Particularly with solid dosage pharmaceutical products, while a group or package of products may look identical in the visible portion of the spectrum each product may have a unique chemical signature in the near-infrared wavelength range (800-2500 nm). Details of packaging and inspection systems that utilize NIR as an inspection technique can be found in U.S. Patent Applications Nos. 10/023,302, 10/023,395, and 10/023,396 filed on December 20, 2001 and U.S. Patent Application No. 10/068,623 filed on February 5, 2002, the details of which are hereby incorporated by reference into the present application.
What is unique about these NIR spectrographic inspection and validation systems is the completely "hands-off ' approach that can be utilized, and the reduced need for operator interaction in validating the composition of packaged and filled pharmaceuticals. What is needed, therefore, is a system that can utilize the unique chemical signatures of known pharmaceuticals to validate the accuracy of the filled prescription through an NIR spectrographic or other chemical analysis technique.
More particularly, what is needed is a system that allows the replacement of the manual verification techniques that most pharmacies rely on today, thereby allowing verification and validation steps to be performed automatically and consequently requiring less trained and less expensive supervision.
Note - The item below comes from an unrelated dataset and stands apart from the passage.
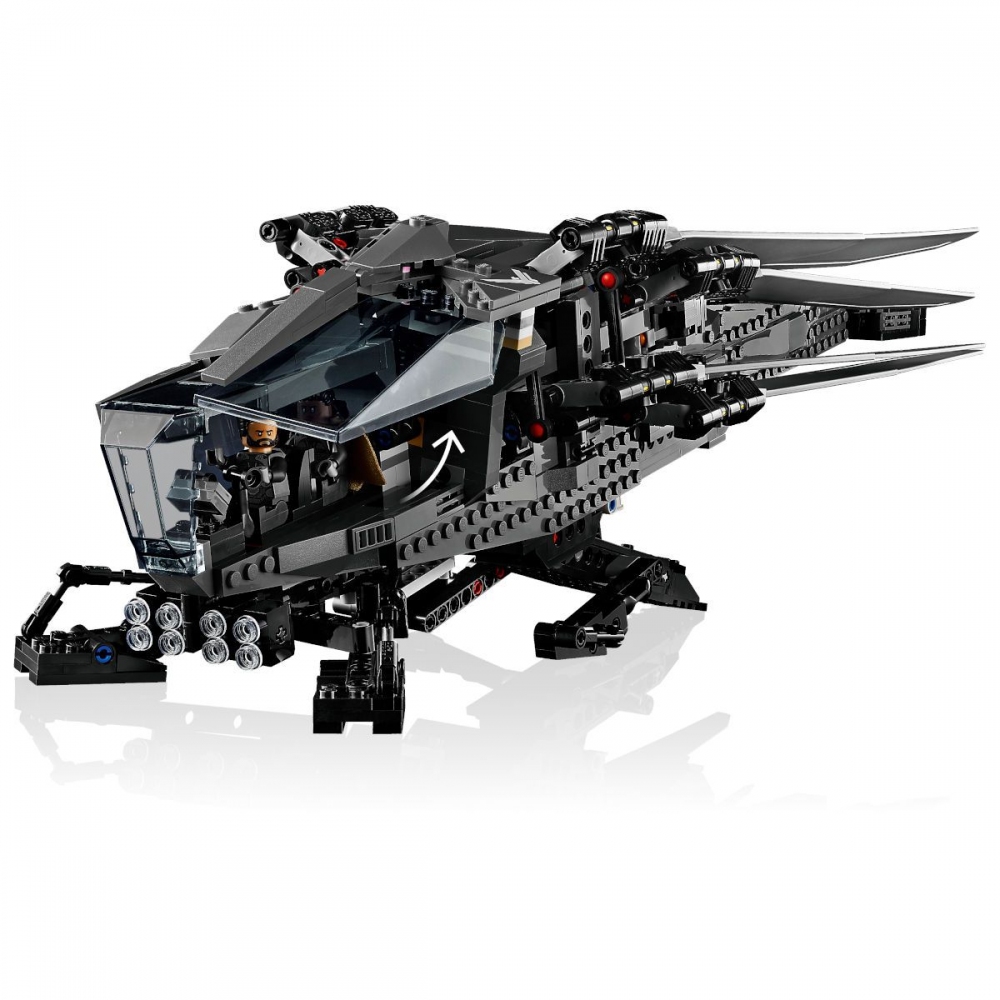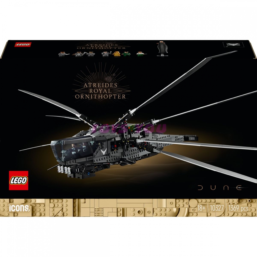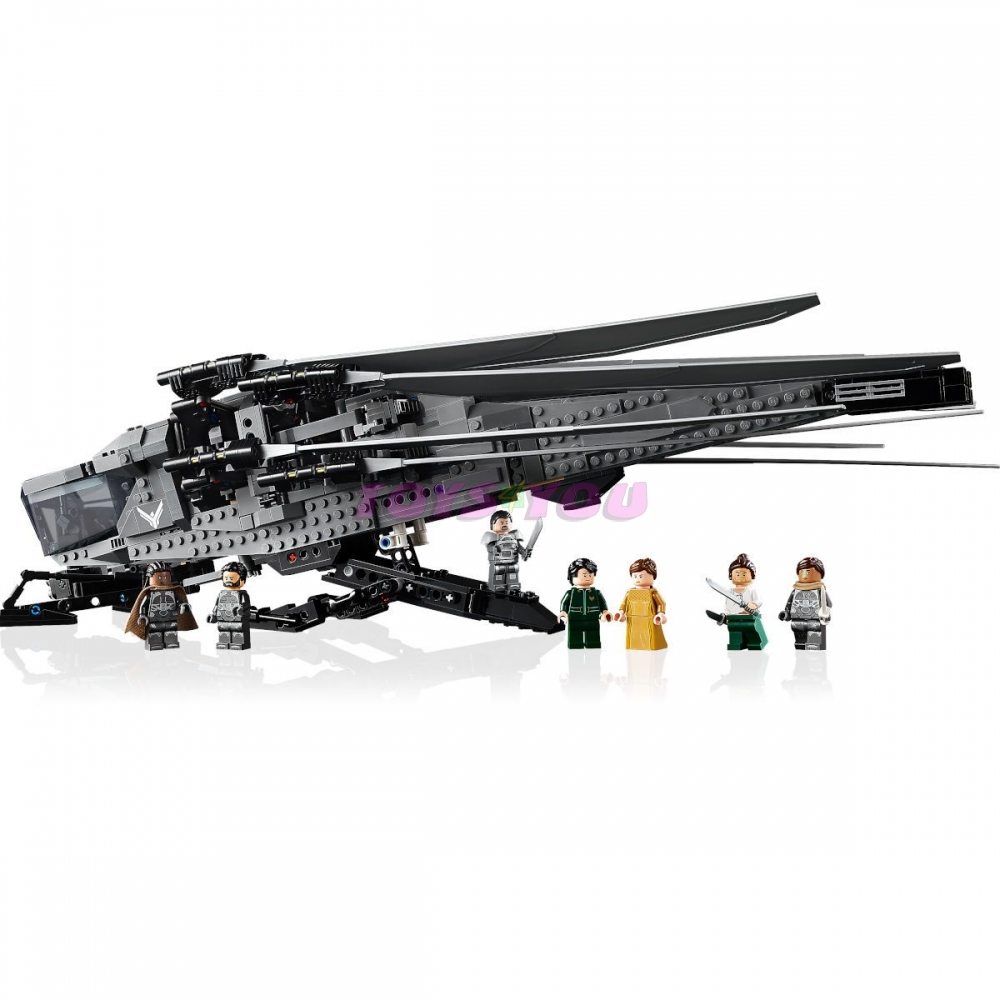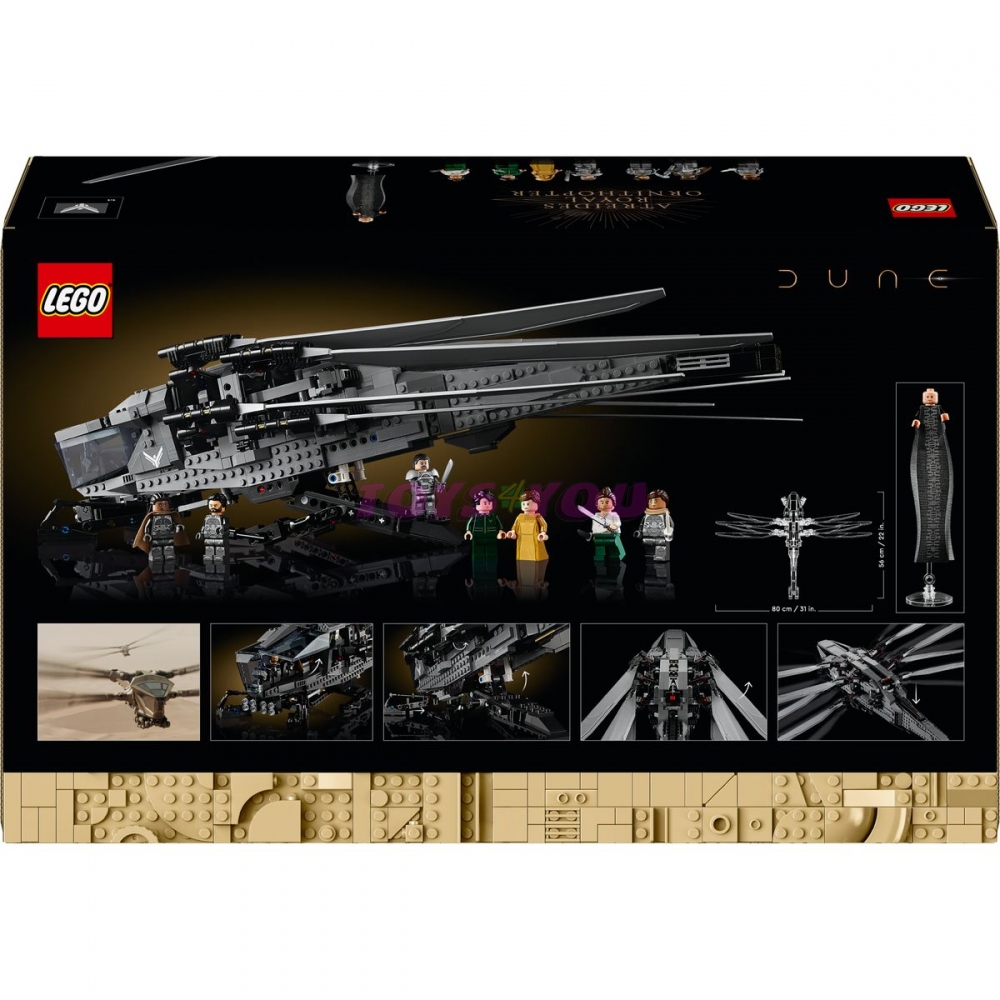 Součástí této prémiové stavebnice je replika ornitoptéry s vyklápěcími mávajícími křídly, zatahovacím podvozkem a otevíracím kokpitem. Nechybí ani 8 slavných postav z filmu: Paul Atreides, lady Jessica, Gurney Halleck, Chani, Leto Atreides, Liet Kynes, Duncan Idaho a baron Harkonnen ve své dlouhé róbě.

What is also needed is a system that will account for the predicted added prescription throughput and reduced supply of trained pharmacists that the pharmacy industry will face in the coming years.
Finally, what is needed is a system that will help reduce per prescription costs, reduce error rates in filling prescriptions, increase pharmacist productivity, reduce the time to complete a prescription order and allow pharmacists to spend more time with their customers and engaged in other professional responsibilities.
2p SUMMARY OF THE INVENTION
In one aspect, an apparatus for verifying the identity of a dispensed pharmaceutical comprises an analysis unit adapted to determine a property of the dispensed pharmaceutical, an input device adapted to receive predetermined identifying information corresponding to the dispensed pharmaceutical, and a comparison unit adapted to compare the determined property of the dispensed pharmaceutical with the predetermined identifying information.
In another aspect, a method of verifying a prescription, wherein the prescription comprises a pharmaceutical compound, comprises associating the prescription with a unique identifier, storing the unique identifier, determining the identity of the pharmaceutical compound, and comparing the identity of the pharmaceutical compound with the unique identifier.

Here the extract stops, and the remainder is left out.